UM Professor’s Research Published in Journal of Consumer Research

Christopher Newman and colleagues studied effects of various front-of-package nutrition labels

Christopher L. Newman co-authored an article in the Journal of Consumer Research.Photo by Robert Jordan/Ole Miss Communications

Christopher L. Newman co-authored an article in the Journal of Consumer Research.Photo by Robert Jordan/Ole Miss Communications

OXFORD, Miss. – A University of Mississippi’s marketing professor’s joint study of the effects of front-of-package nutrition labels shows they serve different purposes depending upon the shopping situation, greatly affecting consumers’ abilities to make proper evaluations and healthful choices.

Christopher L. Newman, assistant professor of marketing, is a co-author of “Effects of Objective and Evaluative Front-of-Package Cues on Food Evaluation and Choice: The Moderating Influence of Comparative and Noncomparative Processing Contexts.” The results were published recently in the Journal of Consumer Research.

His co-authors are Elizabeth Howlett, professor of marketing, and Scot Burton, distinguished professor and Tyson Chair in Food and Consumer Products Retailing, both at the Sam M. Walton College of Business at the University of Arkansas.

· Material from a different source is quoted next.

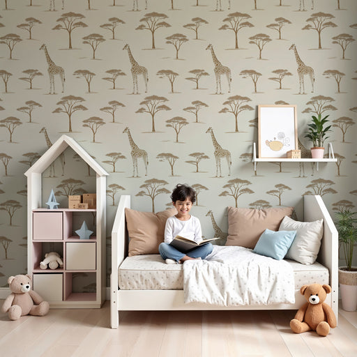 KidsWallReinvente o quarto do seu filho num verdadeiro safari com este papel de parede para quarto de criança que apresenta majestosas girafas orgulhosamen...

The research was partially supported by the Robert Wood Johnson Foundation through its Healthy Eating Research Program and by the SEC Faculty Travel Grant Program.

“Our research suggests that one potential reason that the Nutrition Facts Panel has not been effective in preventing the rise of obesity may lie in its failure to directly address the fact that consumers’ evaluative tasks and environments can, and often, vary greatly,” Newman said.

For example, consumers are frequently faced with the rather complex task of assessing the healthfulness of many different products at once, such as when they are considering different food items in a category at the grocery store shelf. This type of “comparative” information processing requires considerable effort and time from consumers because they must first assess all the different available options and then make comparisons between the alternatives.

Other times, consumers may only need to evaluate the healthfulness of a single product by itself in a noncomparative manner, such as when they are examining a particular food item at home. This type of processing is much simpler. Though these tasks are clearly different, the NFP provides consumers with the same type of standardized nutrition information for both types of tasks.

“The purpose of our research was to determine if different types of front-of-package nutrition labels – either an objective or evaluative FOP label – could help consumers by providing them with the nutrition information that’s best suited for the specific task they were faced with,” Newman said.

“Objective FOP labels provide information that is quantitative and objective. In contrast, evaluative FOP labels provide interpretive information about a product’s overall healthfulness and/or specific nutrients.”

Overall, the researchers’ results indicate that the type of processing environment faced by consumers influences the extent to which specific food package cues can affect their food-related evaluations and decisions.

Information that is more detailed and objective may benefit consumers more than when they assess the healthfulness of a single product. When consumers make relative comparisons between many different brands in a product category, information that is more evaluative in nature is likely to be more beneficial in assessing product healthfulness and making healthy choices.

“We believe that the relationship between the type of front-of-package label and the type of evaluative task that a consumer is faced with should be directly considered by public policy makers and the health community in general, particularly given all of the different FOP labeling systems that are currently in the marketplace,” Newman said.

“Our research suggests that there is not a single ‘one-size-fits-all’ front-of-package nutrition label that is suitable for all of the different types of food evaluations and choices that consumers must make,” Howlett said.

Burton agrees with his colleagues.

“If the primary goal of nutrition labeling is to help consumers make healthier choices, then the ability to identify the most healthful alternatives from a broad set of options is crucial,” he said. “Our research suggests that, in general, when there is a match between the choice processing context and the type of format used to present front-of-package nutrition information, consumers tend to make more healthful food choices.

“This is particularly important in comparative contexts in which evaluative information may improve choice from a set of brands.”